Сто и одна ночь — страница 10 из 46

— Я сам.

Гладкие деревянные перила так удобно легли под ладонь.

К счастью, квартира Ксении находилась на первом этаже.

— Ничего себе… — Глеб присвистнул, когда Ксения зажгла свет в прихожей.

Квартира на две просторные комнаты, почти без мебели. Каждая стена, бархатистая на вид, — покрашена на свой лад — оливковые, песочные, древесные оттенки. Высокие — метра три — потолки. Паркет — гладкий и блестящий, как в бальной дворцовой зале. На рожке полупрозрачной ширмы для переодевания висела черная дамская шляпа с пестрыми перьями. Посередине комнаты стоял низкий круглый кожаный пуфик, навевающий мысли о Востоке.

— Отдохни немного, — Ксения мягко повернула ручку окна — и открыла створку. — Мне давно пора научиться…

— А кто нас привез сюда?

— Друг.

Ветер качнул белую, с золотистой нитью, хрустящую занавеску. Она взметнулась — и плавно осела, скользнув по плечу Ксении. И в этот, казалось бы, ничем не примечательный момент, Глеб почувствовал такое острое плотское желание, что отвернулся, — лишь бы не выдать себя.

Чувство к этой женщине всегда возникало внезапно — шквальным порывом, лавиной, камнепадом. Захватывало, засасывало, сбивало с ног. Только на этот раз у Глеба не было такого неприятия своих ощущений, как раньше. Наоборот — ему хотелось подчиниться своему чувству — ошеломительному физическому влечению к женщине, намного старше его, замужней, — и, не смотря на то, что он встречался с Ланой. Три табу разрушило простое скольжение занавески по обнаженному плечу.

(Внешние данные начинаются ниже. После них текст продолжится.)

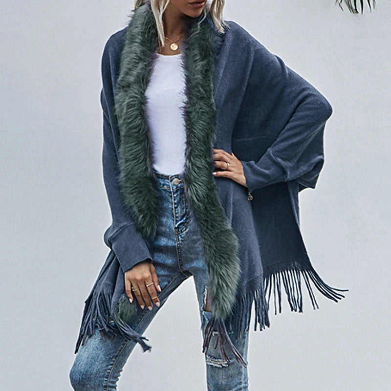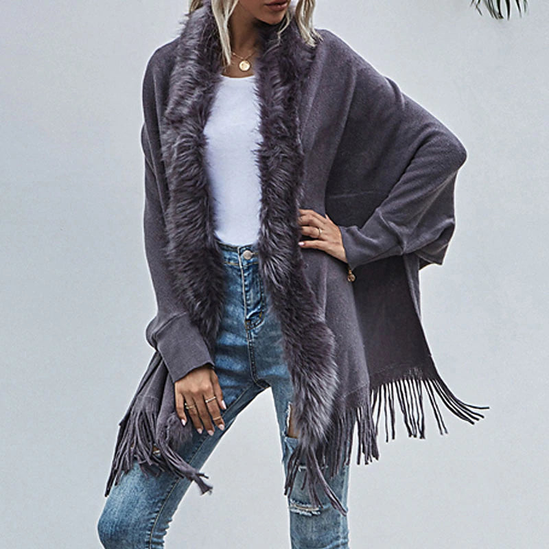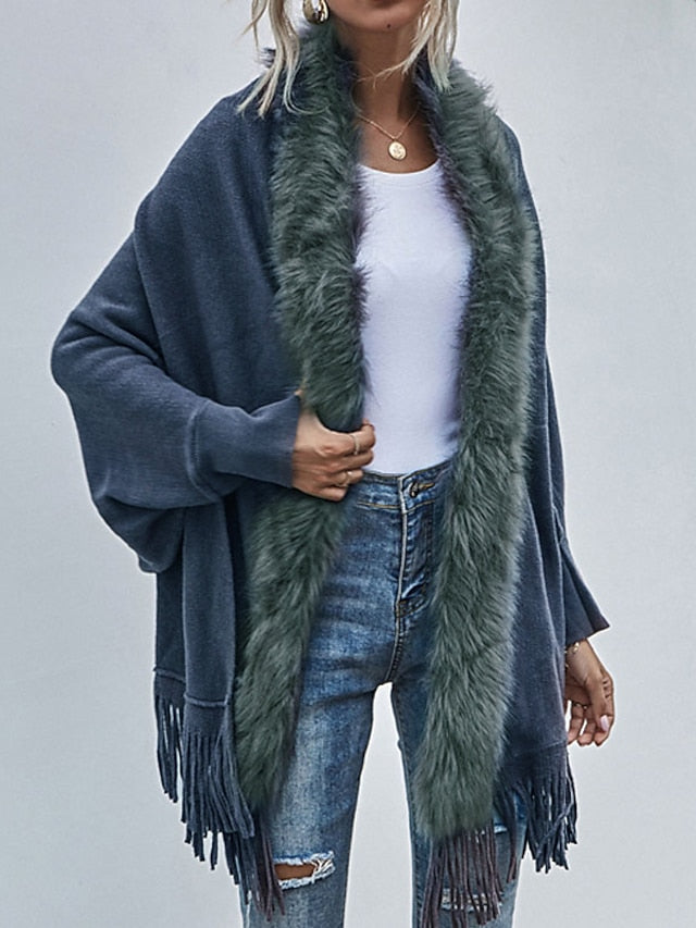 Women's Poncho Sweater Open Front Ribbed Knit Acrylic Tassel Knitted Fall Winter Tunic Outdoor Daily Going out Stylish Casual Soft Long Sleeve Pure Color Black Pink Wine S M L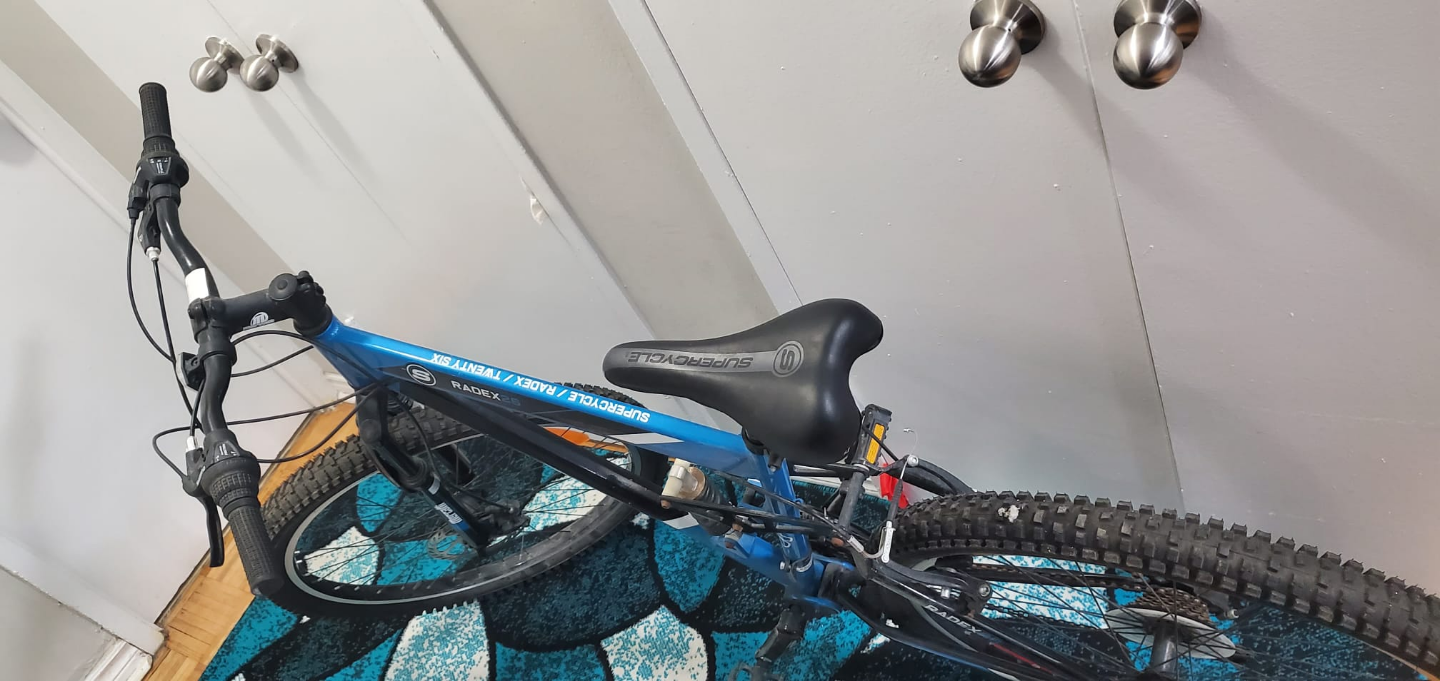 Kept in excellent condition. Mountain Bike. Barely used. Selling because I no longer have time to ride it. Still have 2 years warranty remaining on the frame. Pickup Donmills and St. Dennis. $150.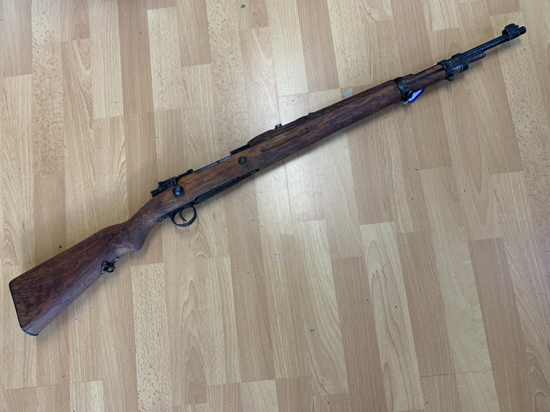 Verkaufe interessanten K98, welcher aus einem Kar.98AZ umgebaut wurde. Manche Teile haben WAA-Abnahmestempel. Kein gültiger Beschuß, deshalb nur für Sammler oder Händler. Viele Rostnarben und etwas klapprig, deswegen als „Defekt“ deklariert. Waffe scheint zu funktionieren, schiessen sollte man sie aber erst, nachdem ein Büchsenmacher sie überprüft hat.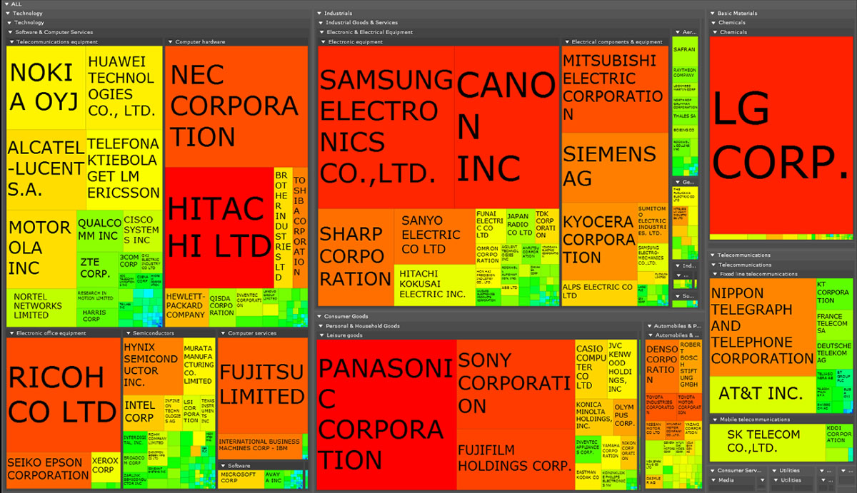 - Fixed line telecommunications : NIPPON TELEGRAPH AND TELEPHONE Corporation (7200 priority patents)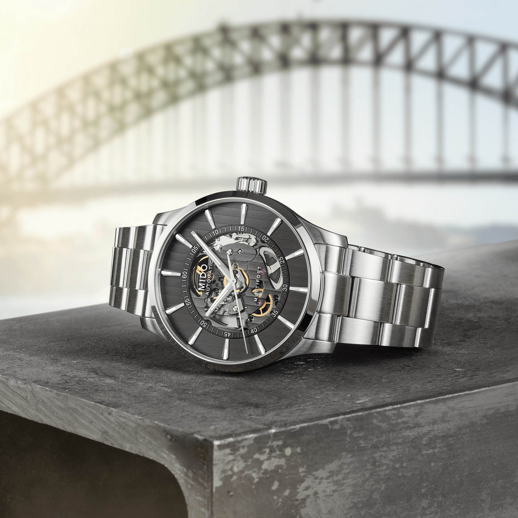 Швейцарские мужские механические часы Mido Multifort Skeleton Vertigo M038.436.11.061.00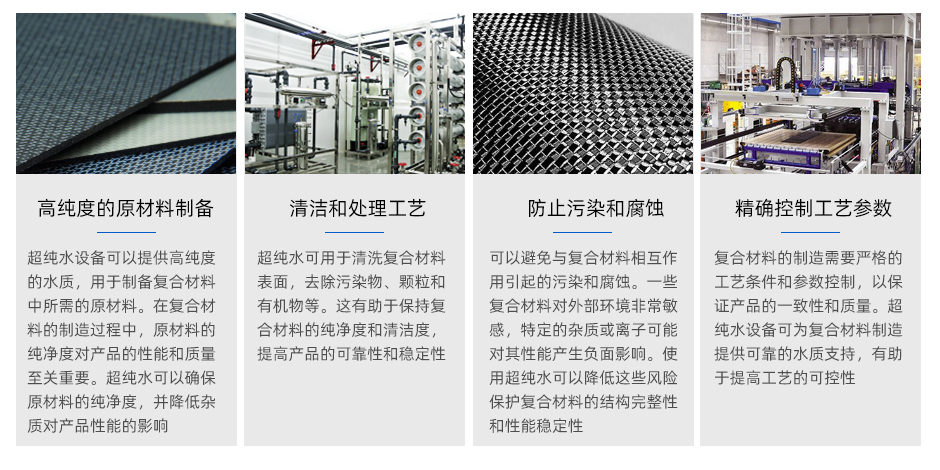 超純水設備可以提供高純度的水質,用于制備復合材料中所需的原材料。在復合材料的制造過程中,原材料的純凈度對產品的性能和質量至關重要。超純水可以確保原材料的純凈度,并降低雜質對產品性能的影響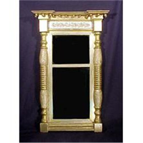 Spectacular federal period mirror. It is made of carved wood, gesso and gold gilt with a very nice inset panel with a white background having carved and applied acorn and leaves. It is a two part mirror. It is in very good condition ? just as I found it and just the way you like to see them. The gilding is water and oil ? a combination of both. Dating from the late 1700?s into the very early 1800?s. It is in a very nice state of preservation down to the federal balls that decorate the top crest of the mirror. The mirrors are in very good condition. Not sure if they are original or not although they appear to be. It measures 20? at widest x 3 ¾? at deepest x 31 ¼? at highest.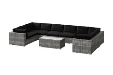 Bahamas utesoffa 5-sits med bord och hylla, Svart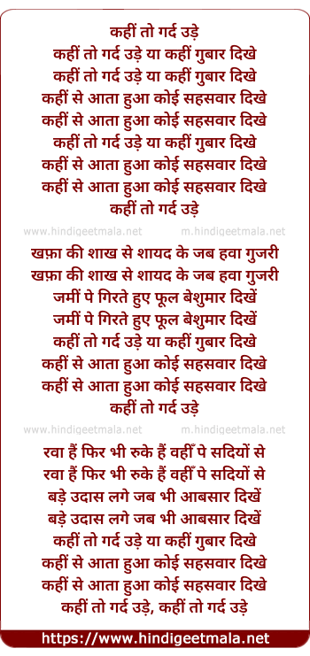 Lyrics of Kahi To Gard Ude - कहीं तो गर्द उड़े

— К сожалению, у меня нет льда, зато есть аптечка, — задумчиво произнесла Ксения, рассматривая ночной пейзаж за окном.

Лед бы сейчас пригодился. Потому что, невероятным усилием воли заставляя себя оставаться на месте, в мыслях Глеб стоял за спиной Ксении. Ее тепло уже проникало ему под кожу. Ее запах кружил голову. Ее запретность распаляла кровь.

Притяжение, которое он чувствовал сейчас, когда их разъединяло ничтожное расстояние, было настолько сильным, что Глеб и не пытался ему сопротивляться.

Он просунул палец под лямку ее сарафана и медленно провел по коже — вверх-вниз. Глеб чувствовал напряжение Ксении, но, в то же время, понимал — словно это было прописной истиной, — притяжение между ними — сильнее страха прикосновений. Оно — сильнее всего.

Медленно развернул ее за плечи. Мягко прикоснулся губами к ее губам — словно взял на руку, чтобы вести за собой. Чтобы она поняла — все случится. И произойдет это прямо сейчас.

Почти касаясь Ксении поцелуем, Глеб стянул шлейку сарафана с одного ее плеча. Затем, после пары ударов сердца, опустилась вторая шлейка — как следующая точка невозврата. Глеб заскользил ладонями по плечам Ксении. Опустился ниже, захватил руками грудь и сжал ее — сначала осторожно, привыкая к новым ощущениям — грудь пышная, мягкая, словно создана для этих действий. Затем сжал сильнее — и Ксения с тихим стоном уже сама ворвалась в него поцелуем. Соприкосновение языков, их борьба мгновенно подняли из глубины такую волну желания, что помутнело в глазах. Теперь Глеб состоял не из плоти и крови — а из концентрированной жажды женского тела. Он едва успел перевести дыхание за то мгновение, пока Ксения стянула с него майку.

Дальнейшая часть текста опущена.